# Work instruction
Please restate the data that follows word for word, with the pictures left out.

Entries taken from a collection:
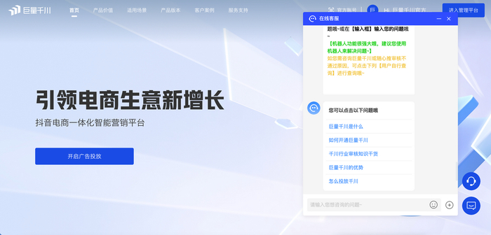 巨量千川官方网站的上线,将为商家、达人们搭建一个全新的电商营销“服务阵地”,提供全新电商广告投放全链路工具与综合性指导 ,助力商家实现高效投放,促进抖音电商生意持续增长。巨量千川用户还可通过官网首页右侧的客服入口,直接进行营销咨询,省时高效。
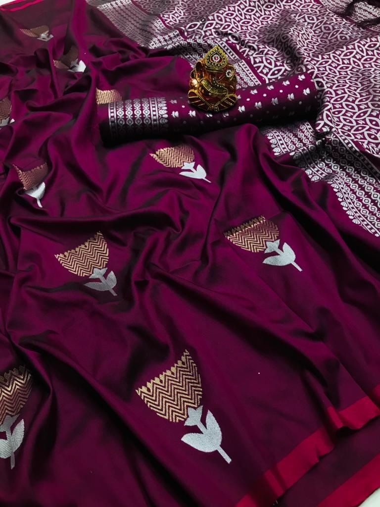 Fabric : LICHI SILK SAREE WITH WEAVING SILVER AND GOLD JARI & EXTRA ORDINARY DESIGN WITH JALAR
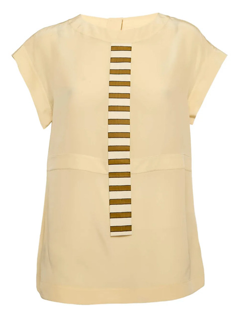 light beige silk stripe detail short sleeves Condition: GOOD. This previously owned and used item is in good condition with minimal signs of use. This may include fading of material or plating and scratches.
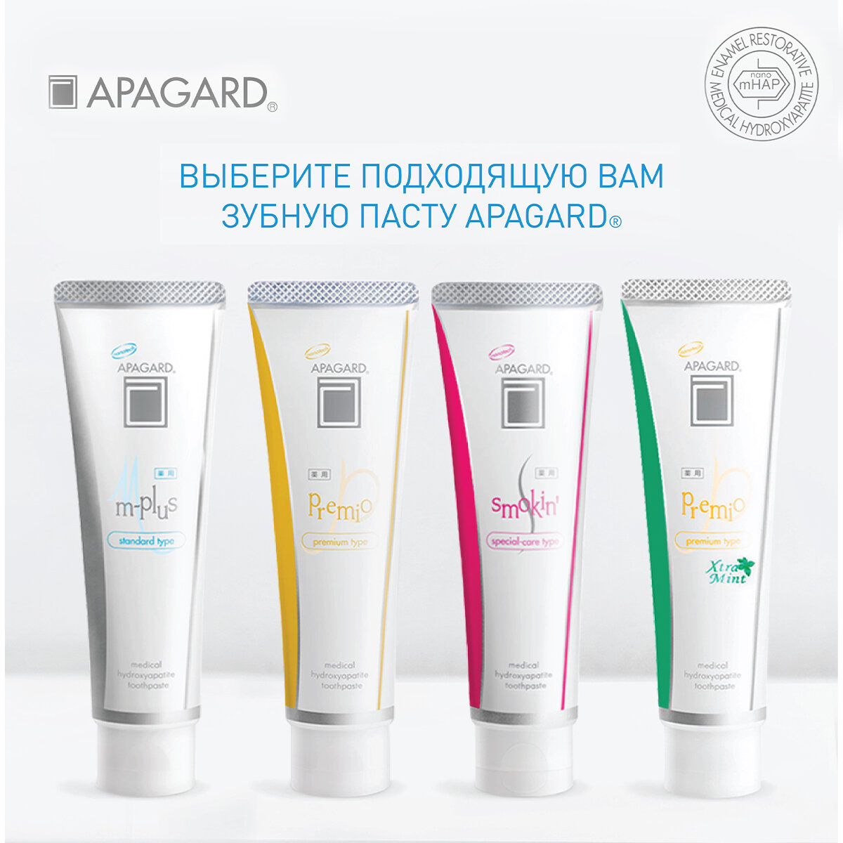 Apagard premiо зубная паста профилактическая отбеливающая, с повышенным содержанием медицинского нано-гидроксиапатита и специальным отбеливающим составом, 100 гр
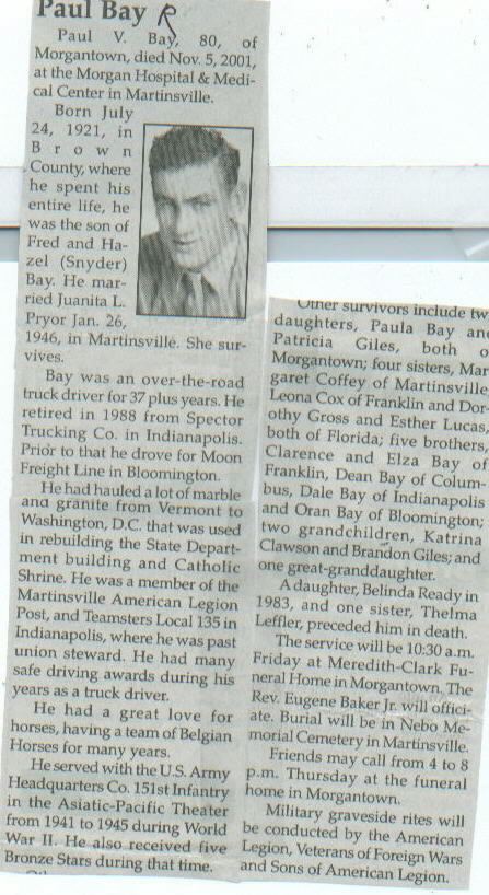 Other Preceded in death by parents, Fred and Hazel (Snyder) Bay; daughter, Belinda Ready; sister, Thelma Leffler. U.S. Army veteran in World War II; received 5 Bronze Stars.
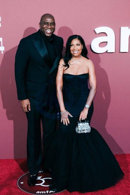 Magic Johnson and Cookie Johnson poses on the Red Carpet at the 30th edition of amfAR Gala Cannes during the 77th Festival de Cannes on Thursday 23 May 2024 at Hôtel du Cap, Eden Roc, Antibes. ., Credit:Julie Edwards / Avalon
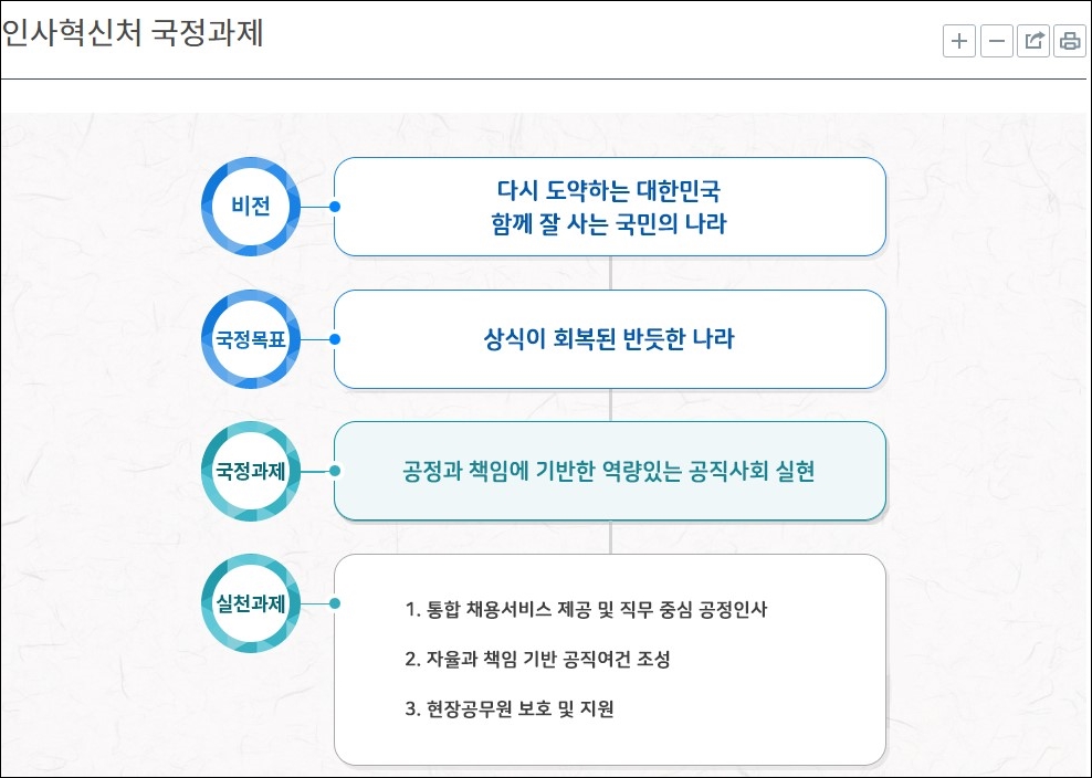 새 정부 출범을 맞아 인사처는 '국민의 나라, 정의로운 대한민국' 실현을 위해 정부혁신과 연계한 통합적인 인사혁신, 사람존중 인사혁신을 추진하고 있습니다. 신라 원성왕 때부터 실시된 관리 선발 제도를 이어받아 왔으니 인사처의 역사가 1천 년이 넘습니다. 공정한 과거제도를 통해 인재가 등용하였듯이 인사처는 공정한 채용제도를 통해 국가발전과 국민편의를 증진시킬 인재를 선발하고 있습니다.
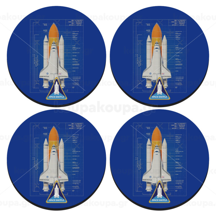 Nasa Space Shuttle, SET of 4 round wooden coasters (9cm)
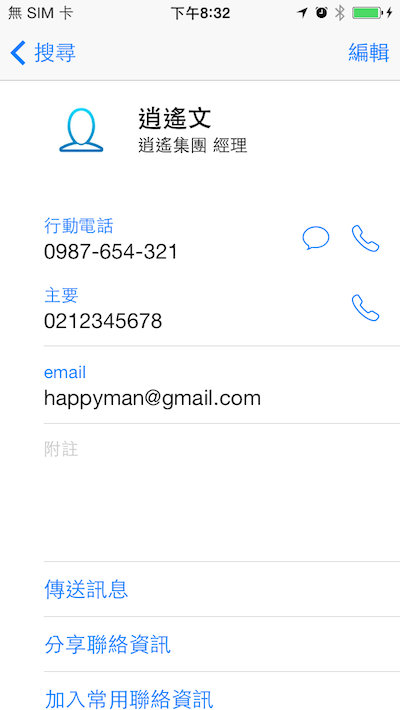 後來客戶想改以手機號碼來判斷是否已加入通訊錄,也不是不能這麼做,只是有人可能沒有手機號碼(雖然這個時代不太可能),好的使用者體驗應是以人名為主(儘管可能有同名同姓),畢竟我是加你這個人,其它聯絡資料如手機號碼、公司號碼、電子信箱從缺沒關係,之後還能加上去。
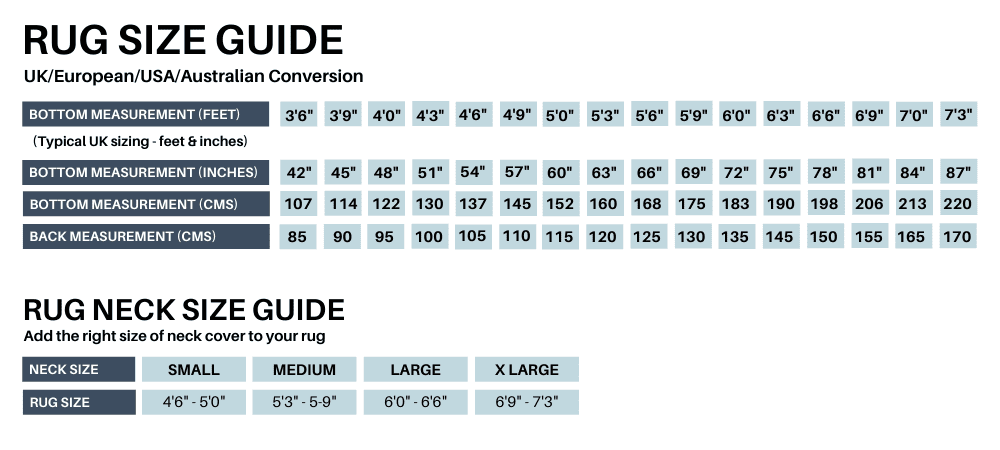 Measure your horse properly to check which rug size he needs. To do this, take a soft tape measure (and a helper!), popping one end at the centre of the chest and measuring along the body to the rear. Take the measurement in either inches or centimeters and use our chart below to convert to the rug size in feet.
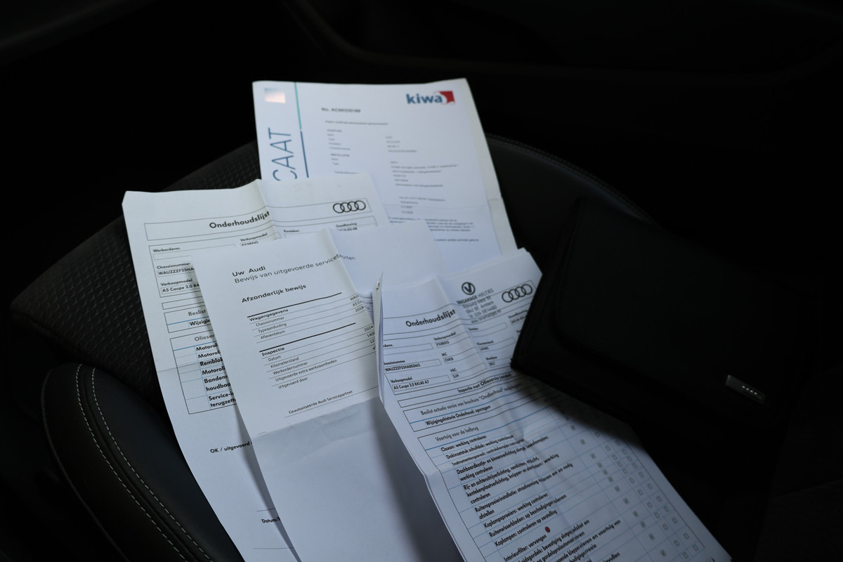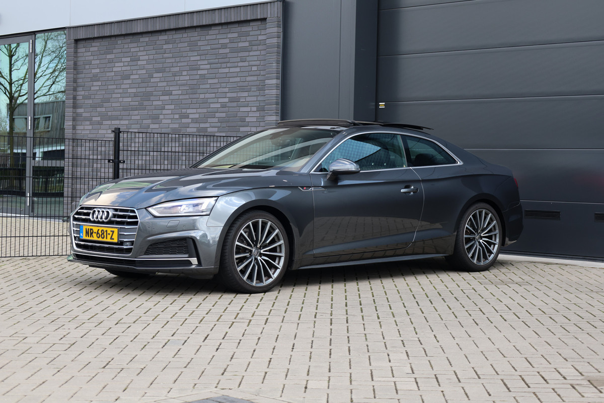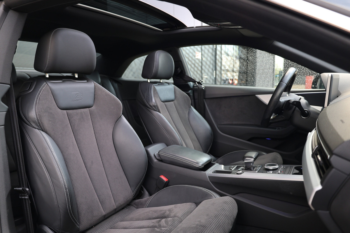 Met zijn dynamische eigenschappen belooft deze Audi A5 Coupé u een heleboel rijplezier. Hij is ontwikkeld op een geavanceerd onderstel en biedt altijd een veilig weggedrag. Met de S line-pakket laat dit model zich van zijn meest dynamische kant zien. Een viercilinder benzinemotor en een automatische transmissie zorgen voor de uitstekende prestaties van deze auto. Doe maar luxe! Neem plaats in de verwarmbare voorstoelen en voel de weldaad in koude dagen. Ziet er goed uit, die sportstoelen. Maar waar het om gaat, is de solide zit onder alle omstandigheden. Een praktische extra is de elektrisch bedienbare achterklep die opent en sluit met een druk op de knop. Door het glazen panoramadak heeft u een weidse zichthoek en geniet u van licht en een gevoel van ruimte. De koplampen zijn voorzien van de allernieuwste lichttechnologie: matrix LED-verlichting. De uitmonstering van deze auto wordt gecompleteerd door onder meer 19 inch lichtmetalen velgen, sportonderstel, halflederen bekleding, warmtewerend glas, zwarte hemelbekleding en in delen neerklapbare achterbank.
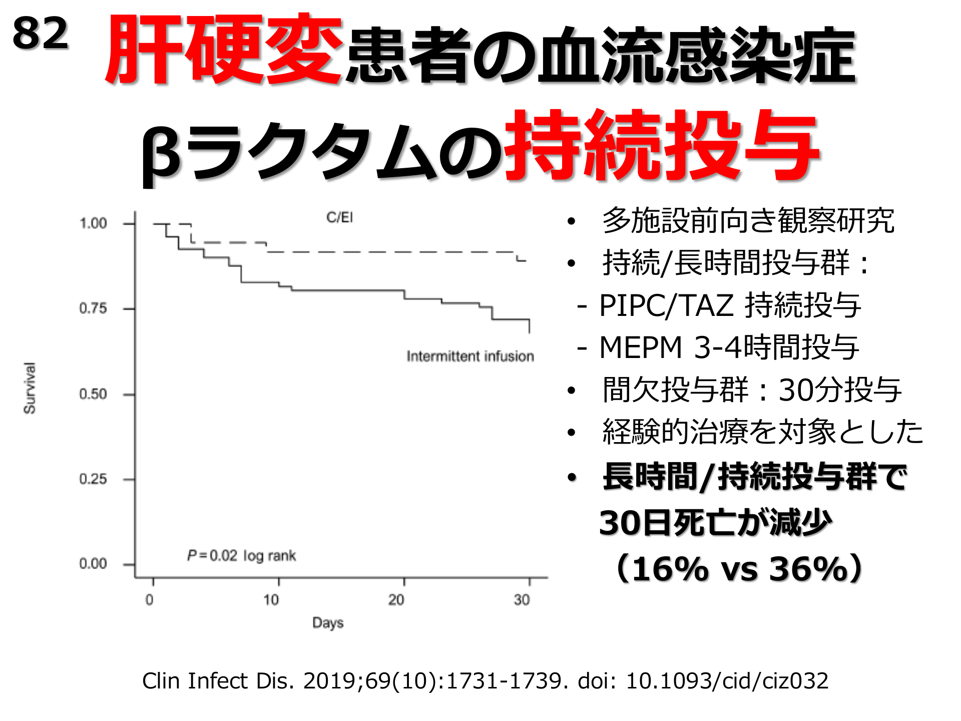 #104. 82 肝硬変患者の血流感染症 βラクタムの持続投与 • • • • 多施設前向き観察研究 持続/長時間投与群: PIPC/TAZ 持続投与 MEPM 3-4時間投与 間欠投与群:30分投与 経験的治療を対象とした • 長時間/持続投与群で 30日死亡が減少 (16% vs 36%) Clin Infect Dis. 2019;69(10):1731-1739. doi: 10.1093/cid/ciz032

# Response to the task
 巨量千川官方网站的上线,将为商家、达人们搭建一个全新的电商营销“服务阵地”,提供全新电商广告投放全链路工具与综合性指导 ,助力商家实现高效投放,促进抖音电商生意持续增长。巨量千川用户还可通过官网首页右侧的客服入口,直接进行营销咨询,省时高效。
 Fabric : LICHI SILK SAREE WITH WEAVING SILVER AND GOLD JARI & EXTRA ORDINARY DESIGN WITH JALAR
 light beige silk stripe detail short sleeves Condition: GOOD. This previously owned and used item is in good condition with minimal signs of use. This may include fading of material or plating and scratches.
 Apagard premiо зубная паста профилактическая отбеливающая, с повышенным содержанием медицинского нано-гидроксиапатита и специальным отбеливающим составом, 100 гр
 Other Preceded in death by parents, Fred and Hazel (Snyder) Bay; daughter, Belinda Ready; sister, Thelma Leffler. U.S. Army veteran in World War II; received 5 Bronze Stars.
 Magic Johnson and Cookie Johnson poses on the Red Carpet at the 30th edition of amfAR Gala Cannes during the 77th Festival de Cannes on Thursday 23 May 2024 at Hôtel du Cap, Eden Roc, Antibes. ., Credit:Julie Edwards / Avalon
 새 정부 출범을 맞아 인사처는 '국민의 나라, 정의로운 대한민국' 실현을 위해 정부혁신과 연계한 통합적인 인사혁신, 사람존중 인사혁신을 추진하고 있습니다. 신라 원성왕 때부터 실시된 관리 선발 제도를 이어받아 왔으니 인사처의 역사가 1천 년이 넘습니다. 공정한 과거제도를 통해 인재가 등용하였듯이 인사처는 공정한 채용제도를 통해 국가발전과 국민편의를 증진시킬 인재를 선발하고 있습니다.
 Nasa Space Shuttle, SET of 4 round wooden coasters (9cm)
 後來客戶想改以手機號碼來判斷是否已加入通訊錄,也不是不能這麼做,只是有人可能沒有手機號碼(雖然這個時代不太可能),好的使用者體驗應是以人名為主(儘管可能有同名同姓),畢竟我是加你這個人,其它聯絡資料如手機號碼、公司號碼、電子信箱從缺沒關係,之後還能加上去。
 Measure your horse properly to check which rug size he needs. To do this, take a soft tape measure (and a helper!), popping one end at the centre of the chest and measuring along the body to the rear. Take the measurement in either inches or centimeters and use our chart below to convert to the rug size in feet.
 Met zijn dynamische eigenschappen belooft deze Audi A5 Coupé u een heleboel rijplezier. Hij is ontwikkeld op een geavanceerd onderstel en biedt altijd een veilig weggedrag. Met de S line-pakket laat dit model zich van zijn meest dynamische kant zien. Een viercilinder benzinemotor en een automatische transmissie zorgen voor de uitstekende prestaties van deze auto. Doe maar luxe! Neem plaats in de verwarmbare voorstoelen en voel de weldaad in koude dagen. Ziet er goed uit, die sportstoelen. Maar waar het om gaat, is de solide zit onder alle omstandigheden. Een praktische extra is de elektrisch bedienbare achterklep die opent en sluit met een druk op de knop. Door het glazen panoramadak heeft u een weidse zichthoek en geniet u van licht en een gevoel van ruimte. De koplampen zijn voorzien van de allernieuwste lichttechnologie: matrix LED-verlichting. De uitmonstering van deze auto wordt gecompleteerd door onder meer 19 inch lichtmetalen velgen, sportonderstel, halflederen bekleding, warmtewerend glas, zwarte hemelbekleding en in delen neerklapbare achterbank.
 #104. 82 肝硬変患者の血流感染症 βラクタムの持続投与 • • • • 多施設前向き観察研究 持続/長時間投与群: PIPC/TAZ 持続投与 MEPM 3-4時間投与 間欠投与群:30分投与 経験的治療を対象とした • 長時間/持続投与群で 30日死亡が減少 (16% vs 36%) Clin Infect Dis. 2019;69(10):1731-1739. doi: 10.1093/cid/ciz032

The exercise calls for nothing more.